Весть о смерти Анатолия Зверева стремительно облетела Москву. На его отпевании и похоронах собралось более тысячи человек. Смерть художника оплакивали не только в Москве. Его память чтили в Париже, Нью-Йорке, Лондоне, Мюнхене…
А мне лично наиболее памятны те минуты, когда он, заканчивая работу и внимательно сравнивая натуру с портретом, как всегда, произносил своё непременное: «Улыбочку!» — и делал последний мазок. А затем начинал тщательно выводить свои инициалы. «В конце концов, — говорил он, — моя подпись тоже что-нибудь значит».

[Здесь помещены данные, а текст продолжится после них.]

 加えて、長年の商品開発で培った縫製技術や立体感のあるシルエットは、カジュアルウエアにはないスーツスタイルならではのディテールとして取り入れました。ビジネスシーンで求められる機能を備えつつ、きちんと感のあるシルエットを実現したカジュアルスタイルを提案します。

«Еще бы, — отвечала я, — АНАТОЛИЙ ЗВЕРЕВ!»
АННА МЕССЕРЕР
Зачинатель русского нонконформизма
Анатолия Зверева я знала не один десяток лет. В молодости он иногда жил на даче моего отца, где много и вдохновенно работал. Нередко он заглядывал в нашу московскую квартиру и каждый раз оставлял нам на память о себе портрет какого-нибудь члена нашей семьи, либо нарисованный букет цветов, который в тот момент стоял на столе, либо рисунок приглянувшейся у нас в доме вещицы. У меня всегда были наготове краски и материал на тот случай, если на Толю найдёт вдохновение и ему захочется поработать. Он рисовал всех нас по многу раз, даже собака не оставалась без его внимания.

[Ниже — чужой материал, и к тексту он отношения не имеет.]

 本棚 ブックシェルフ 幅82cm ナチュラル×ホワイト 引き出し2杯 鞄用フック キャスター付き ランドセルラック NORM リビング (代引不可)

Иногда Толя пропадал надолго, и тогда в Москве появлялась очередная версия о его смерти. У меня были телефонные номера, которые он мне оставлял, как он выражался, «на крайний случай». По ним я выясняла, что Толя жив. За него всегда было неспокойно, так как он не имел постоянного пристанища и нигде не задерживался подолгу, опасаясь провокаций КГБ. Работники этого учреждения действительно были к нему «неравнодушны» и при случае пытались напомнить художнику о своём существовании. Нередко Толя появлялся со следами побоев и с грустной улыбкой пояснял: «Опять им на глаза попался».
Бытовая сторона жизни А. Зверева оставляла желать много лучшего. Но, как и подобает большому художнику, он стойко переносил все лишения, так как твёрдо верил в себя, в своё призвание и свой талант. В этом он находил поддержку со стороны друзей и коллег по искусству.

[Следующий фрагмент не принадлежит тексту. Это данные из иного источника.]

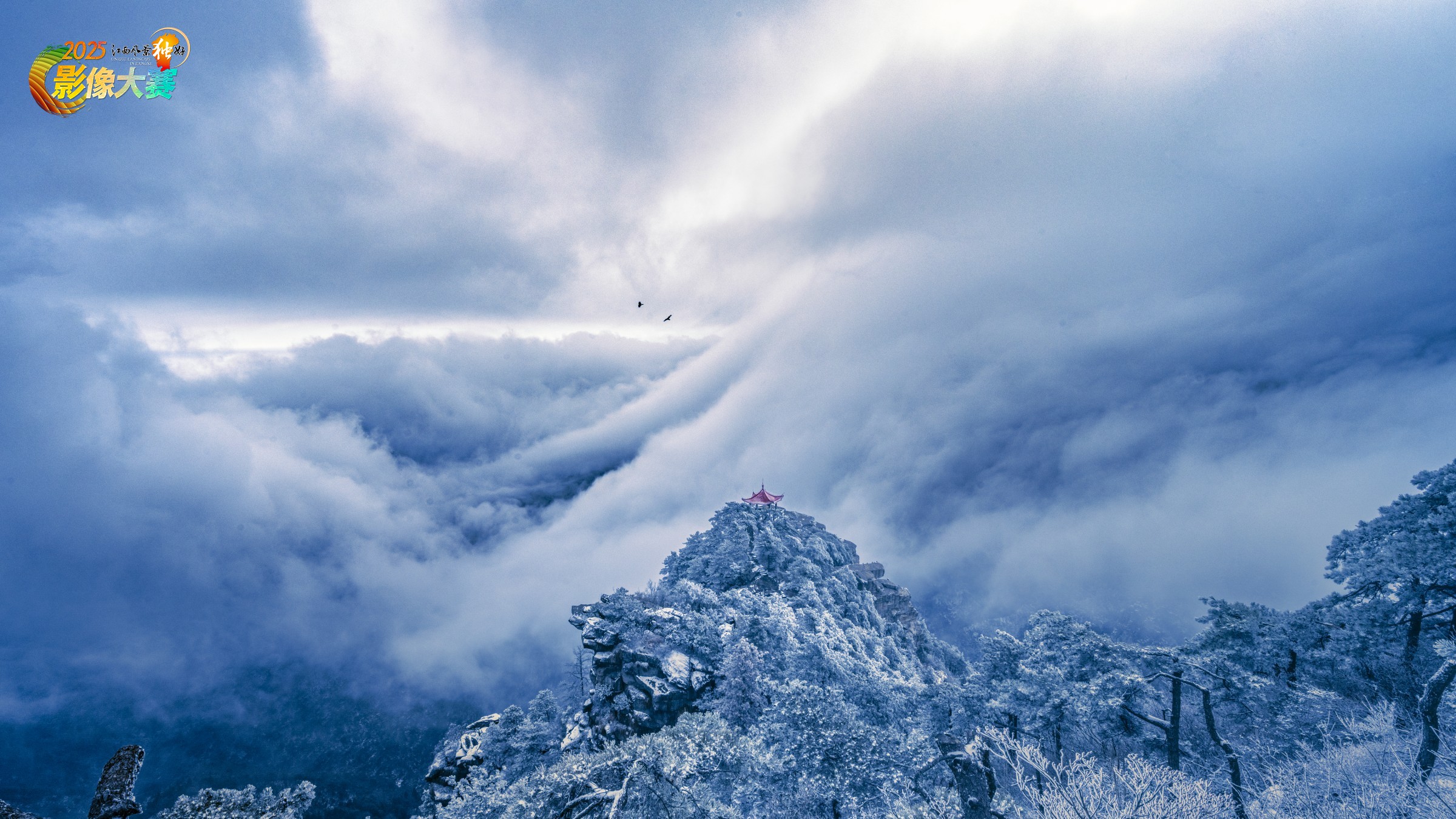 作品拍摄于庐山观云亭,满目素色,云瀑翻腾,观云亭红色亭顶装点期间,高天寒流,二只小鸟在云涛之上自由飞翔。

Толя, узнав о нашем решении эмигрировать из Советского Союза, охотно согласился написать мне дарственную на коллекцию его картин. Он даже сходил со мной в ЖЭК, чтобы оформить бумагу. При этом он сам поражался своему героическому поступку. По дороге он всё время бормотал: «Просто не верится, что я иду в советское учреждение, впервые за двадцать лет, наверное». Однако эта бумага мне не понадобилась, так как в государственной комиссии заявили: «Любые другие авторы, но не Зверев. Его картины не подлежат выкупу. Они за границу не выпускаются». Выручили друзья, и картины очутились на Западе.